Technique may be an issue; so might the sheer variety of runners in the Australian team, some skittish, some lumbering, some aggressive, some unambitious. Whatever the case, Australia has so far declined to take the first step to addressing a problem, which is, of course, admitting you have one. Arthur never made headway on the issue; given his predisposition to accentuating the positive, Lehmann may not find it easy either.
If Lehmann and Clarke do not appear to be singing from the same songsheet quite yet, Australia is at least making affirmative noises. So are Australians more generally. The uptick in optimism is welcome. The English team in 2010-11 were struck by the sheer public negativity around their hosts. "Until I witnessed it," writes Anderson in his recent autobiography, "I would have thought it was inconceivable that the Australian public, and the country's media, could be so negative towards their own team."

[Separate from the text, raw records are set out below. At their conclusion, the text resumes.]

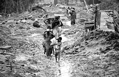 在斯瓦特山谷一條村莊,洪災(zāi)為美軍和伊斯蘭武裝分子開(kāi)辟新戰(zhàn)線,雙方爭(zhēng)相向受塔利班威脅地區(qū)的災(zāi)民派發(fā)援助物資。但30歲災(zāi)民毛拉表示,誰(shuí)派發(fā)物資也沒(méi)所謂,他只想知道自己和家人如何找到糧食充饑,及盡快重建家園。
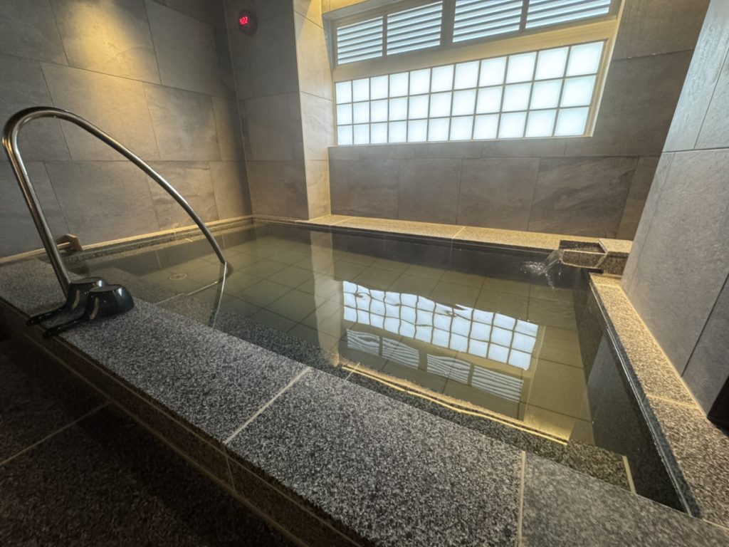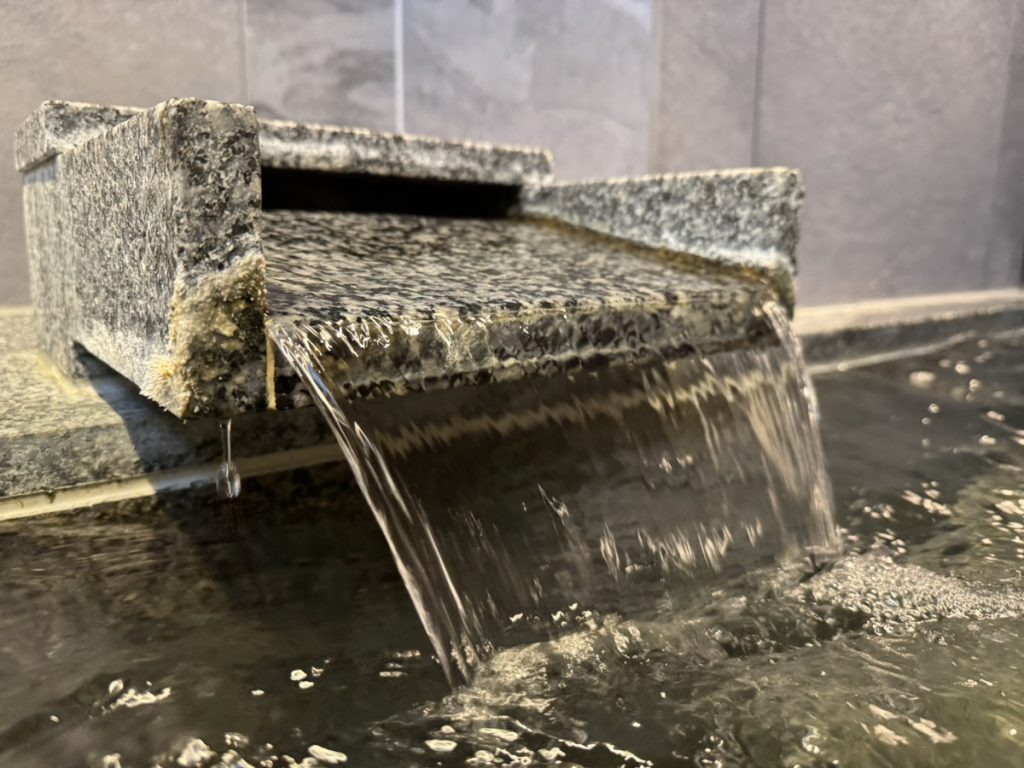 「行幸の湯」と名付けられた浴場は、男女別の内湯のみ。ホテルを出てウッドデッキを歩いた先にある、鍵付きの無人浴場です。チェックイン時に伝えられる暗証番号で入る仕組みで、少し特別感があります。エントランスには10種類のシャンプーがそろったバーが用意されており、入浴前に選ぶ楽しみも。浴室は6〜7人ほどが入れそうな湯船が一つのシンプルな造りで、シックな御影石と石目調タイルが、落ち着いたモダンな雰囲気をつくっています。
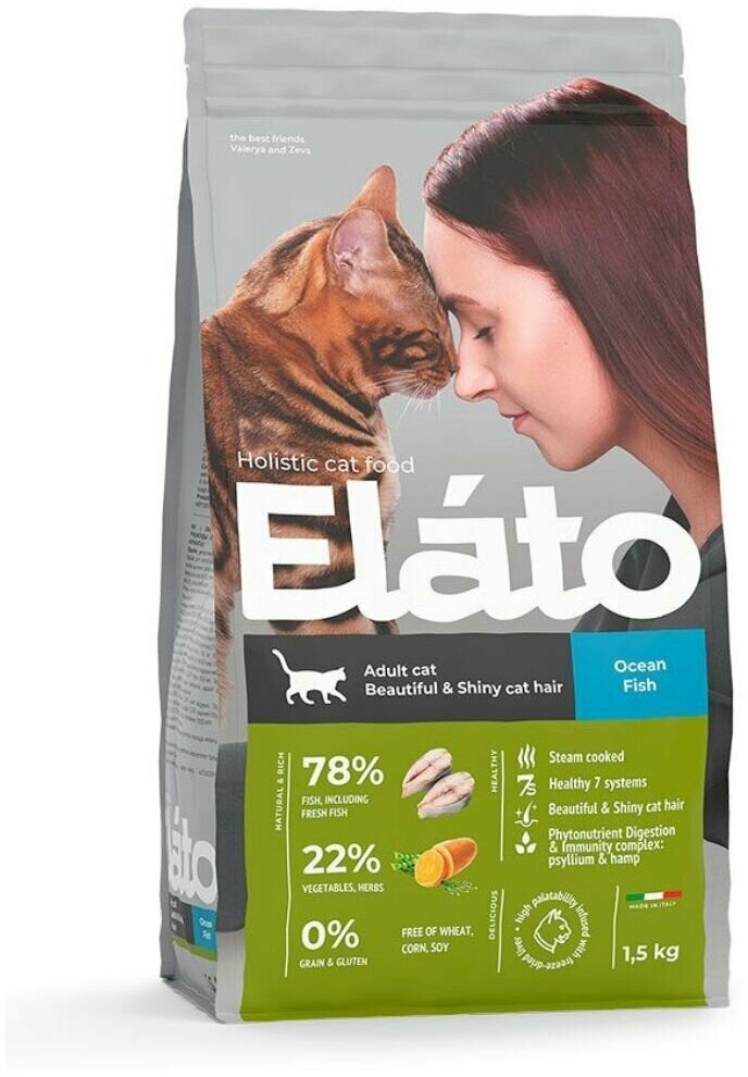 Купить Сухой корм холистик Elato для взрослых кошек с рыбой, для красивой и блестящей шерсти кошек, 1,5кг.
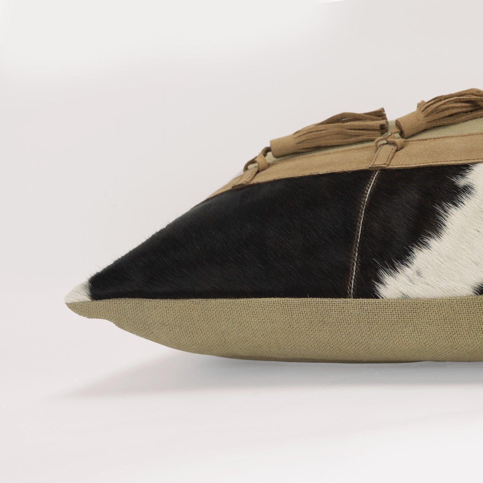Embodying a sense of elegance with its earthy hues, this Brown Tassel Embellished Decorative Throw Pillow will be an ideal accent to add a classic touch to your living room. The pillow features felted tassel embellishments suspended on a brown band with one side in a hair-on-hide leather pattern while the other a solid brown tone for a farmhouse appeal. Crafted from a blend of cotton and leather fabric, this poly-filled pillow is soft yet sturdy to last for a long time. The knife edging adds to the crisp and clean corners for a polished look while the solid coordinating back features a hidden zipper closure for convenience. Lend a modern farmhouse tone into your living room with this uniquely designed decorative lumbar pillow on the sofa or couch. 26” x 14” x 6.25”
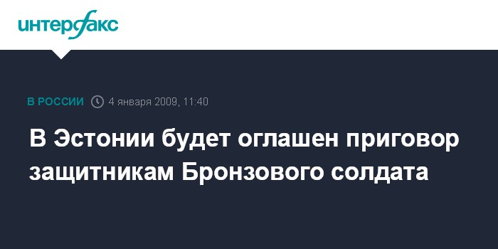 Москва. 4 января. INTERFAX.RU - В Эстонии в понедельник, 5 января будет оглашен приговор лидерам и активистам общественного движения в защиту памятника Воину-освободителю Таллина от фашистов "Ночной дозор", обвиняемым в организации массовых беспорядков в апреле 2007 года.
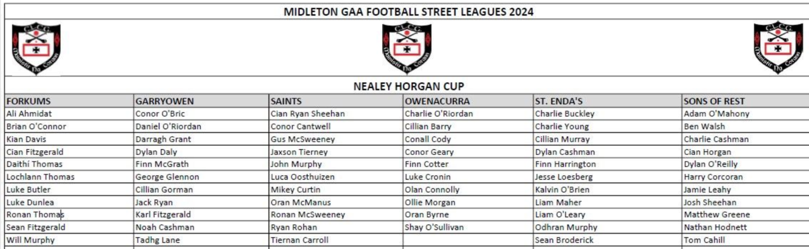 Our 2024 Nealey Horgan Football Street Leagues got underway in balmy conditions in Park South on Monday night and continue next Monday. Well done to all the boys oa reat night of football on Monday and best of luck for the rest of the competition. These are the teams....
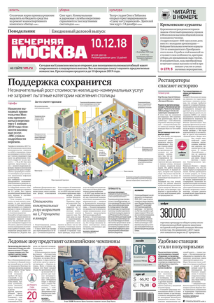 «Вечерняя Москва» — ежедневная российская вечерняя газета, старейшее из вечерних изданий в России, учрежденное в 1923 году. Выходит пять дней в неделю, кроме субботы и воскресенья. Отличается тем, что рассказывает о событиях еще не завершившегося дня. Оперативно освещает хронику и особенности жизни Москвы, охватывает все слои общества и большинство профессиональных и возрастных групп читателей.Издание представлено тремя выпусками – утренним ежедневным, вечерним (выходит три раза в неделю), еженедельным (выходит по четвергам).
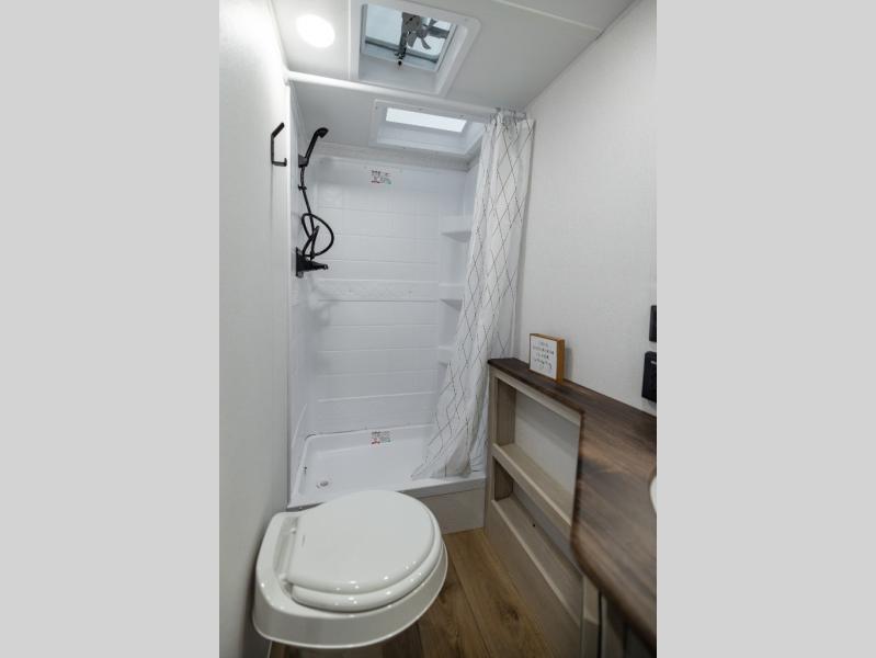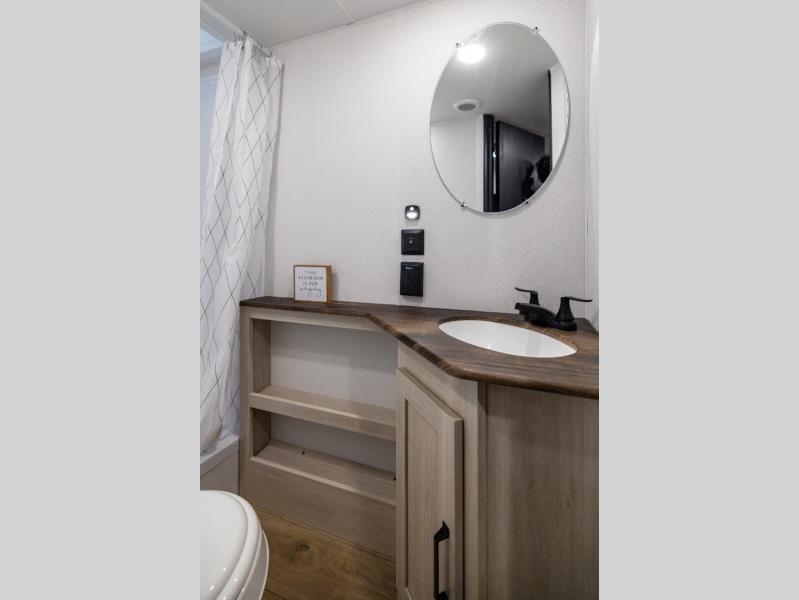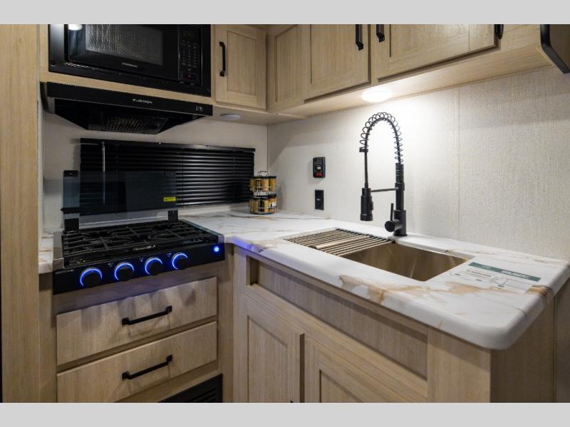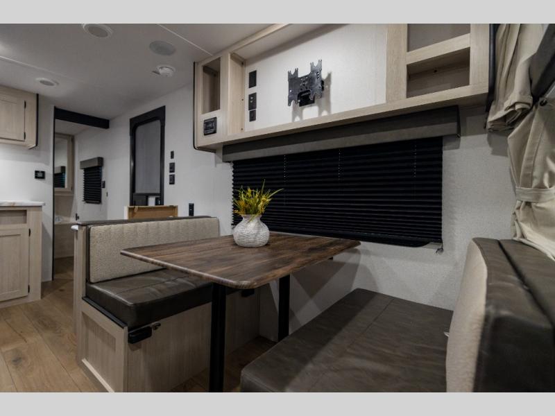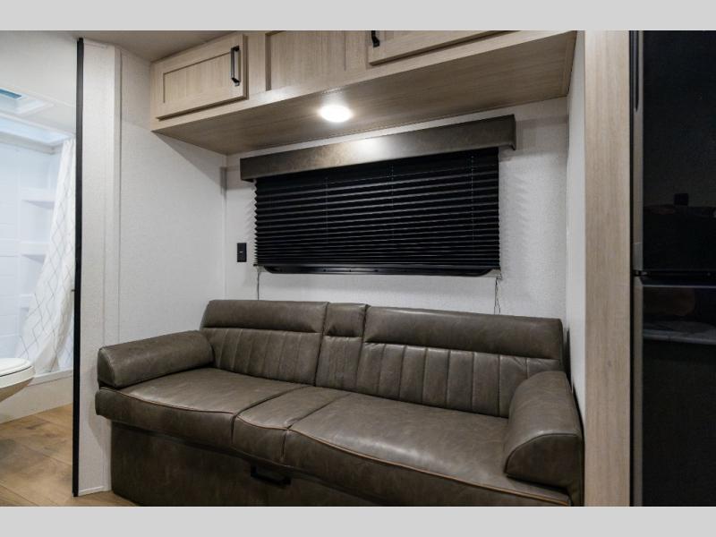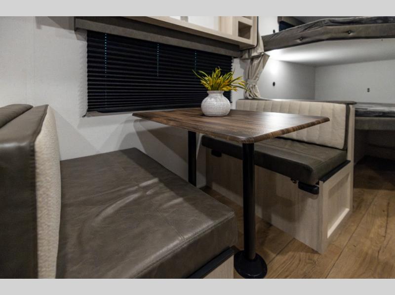 If you're looking for more sleeping space, this double axle unit features double-size bunks, an RV queen bed in the front bedroom, plus a sofa and booth dinette in the combined kitchen and living area. The full kitchen includes a microwave and three burner cooktop to make meals, plus a pantry and 12V refrigerator for food storage. And an optional outside mini kitchen with a griddle can be added if you enjoy cooking outdoors!

This lead-in to the series has felt rather more like it, the glad embrace of Lehmann by Aussie cricket fans crystallising dissatisfaction with the regime of wellness forms, rotation policies, chaotic scheduling and constipating managerialism.
Personally, I'm not convinced that these have been problems so much as symptoms of malaise: England is a better team for being supremely well-organised, and still accommodates players of flair and spontaneity. But this has been a happy last fortnight, for we need our quotient of Pommie-bashing and Aussie-baiting, otherwise what's an Ashes for? Not so much has changed that these do not remain England's Ashes to lose. You can expect, nonetheless, Australians to make their mark - as indeed you always could.